In reality, vSphere is a brand that represents VMware’s a cloud operating system.
vSphere is a collection of tools that:
manages large collections of infrastructure (such as CPUs, storage, and networking) as a seamless and dynamic operating environment, and also manages the complexity of a datacenter.
From the database point of view, you need to understand a few key technolgies from the VMware stack:

ESX

ESX is he hypervisor that is run on physical servers that abstracts processor, memory, storage, and resources into multiple virtual machines.  ESX runs directly on the physical server and it presents a virtual operating platform to the guest operating systems running on top of it.  Something handled by the Virtual Infrastructure team, not a DBA thing.

vCenter

vCenter  is the central point for configuring, provisioning, and managing virtualized IT environments.  It is a web- or windows-based application that allows you to view and control all the virtual machines across multiple ESX servers.  vCenter Server aggregates physical resources from multiple ESX/ESXi hosts and presents a central collection of simple and flexible resources for the system administrator to provision to virtual machines in the virtual environment.  Also used by the Virtual Infrastructure team.

vMotion

vMotion - Enables the live migration of running virtual machines from one physical server to another with zero down time, continuous service availability, and complete transaction integrity.  It is relatively easy to do, because you can:
  1. Take a snapshot of a VM.
  2. Copy the snapshot of the VM to a new location.
  3. Start the VM.
  4. Synchronize the changes in the VM since step 1.
  5. Cut over to the new VM.
With vSphere, all of this happens under the sheets, and is transparent to users.  Imagine having a database server that is too busy and being able to move your database to a more lightly used server with a single mouse-click while the database is running with zero downtime.

vSphere High Availability

High Availability (HA) provides high availability for applications running in virtual machines. If a server fails, affected virtual machines are restarted on other production servers that have spare capacity.  vSphere keeps a heartbeat connection to a machine under HA and is able to detect a hardware or software failure an initiate HA automatically.
Often with databases, HA is something that is either overlooked or overpaid for.  Most companies will not have HA in their dev/test environments, and will purchase incredibly expensive and proprietary solutions for production machines.  vSphere HA gives you the same features available to all machines at a fraction of the cost.

vSphere Fault Tolerance

When Fault Tolerance (FT) is enabled for a virtual machine, a secondary copy of the original (or primary) virtual machine is created. All actions completed on the primary virtual machine are also applied to the secondary virtual machine. If the primary virtual machine becomes unavailable, the secondary machine becomes active, providing continual availability.
FT takes place at the CPU level, and is limited to 1 CPU at a time, which makes it untenable for database operations.  As this feature is further refined it may become more useful for database operations.

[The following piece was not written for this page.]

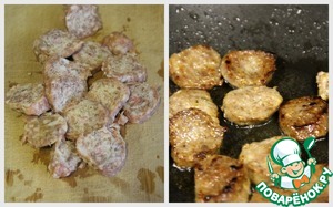 Колбаски порезать и слегка обжарить с оливковым маслом.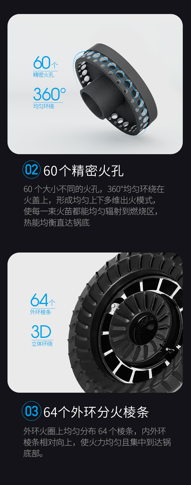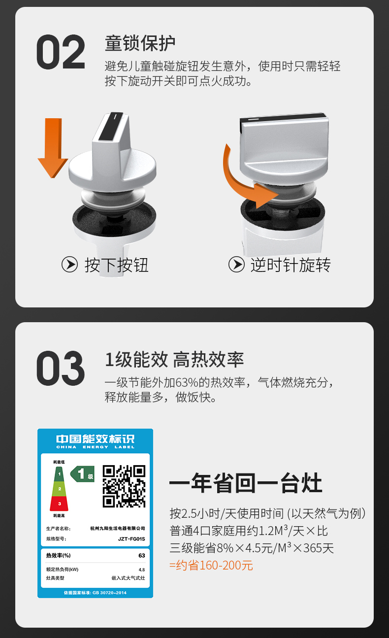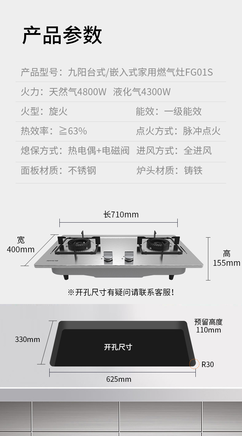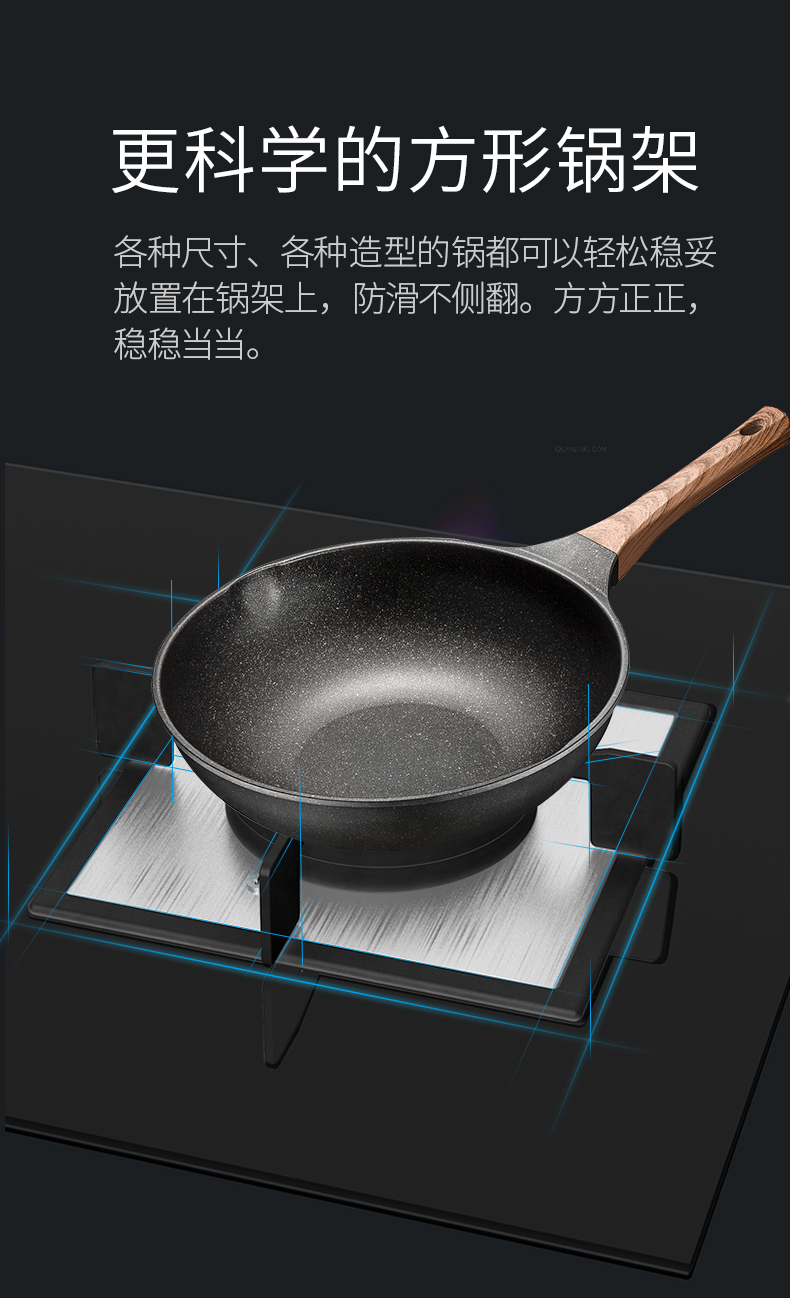 炉灶整体采用钢化玻璃+防爆油墨层+防爆膜,三层防爆防裂,耐腐蚀易清洁。采用猛火均喷燃烧系统,火力更稳更强,均匀加热无盲区,热效率高。精细的火力调节系统,火控精准。采用热敏感探头时刻检测燃烧状态,熄火自动切断燃气,避免安全隐患,使用更安全。

Distributed Resource Scheduling

Distributed Resource Scheduling (DRS) allocates and balances computing capacity dynamically across collections of hardware resources for virtual machines. This feature includes distributed power management (DPM) capabilities that enable a datacenter to significantly reduce its power consumption.
Essentially, DRS uses vMotion to place VMs in the right location initially, and to balance VMs across multiple servers based on the state of entire system.  For example, if there are three databases running on a server and one takes a large number of resources, the other databases will automatically be moved away with vMotion while maintaining uptime and database performance.

Why This Matters

In practical terms vSphere is a layer that sits on top of your enterprise servers, networks, and storage and abstracts the details of operation away from the operating system.  This allows you incredible flexibility in how to operate your data center and all the applications within it.
There are additional challenges to making databases run in virtual infrastructure, but it is more than worth it to make the effort.

The Takeaway

This is pretty different from how most database shops run today.  Most DBAs, Analysts, and Developers really have to sweat the details on the infrastructure they are running on.  With vSphere, a huge amount of these worries are removed through abstraction.

References


When most people think of virtualization, what they really mean is VMware, and this is how I will focus this article.  If you aren’t familar with VMware technology, you should read the basics about virtual machines.

To quote:

 A virtual machine is a tightly isolated software container that can run its own operating systems and applications as if it were a physical computer. A virtual machine behaves exactly like a physical computer and contains it own virtual (ie, software-based) CPU, RAM hard disk and network interface card (NIC).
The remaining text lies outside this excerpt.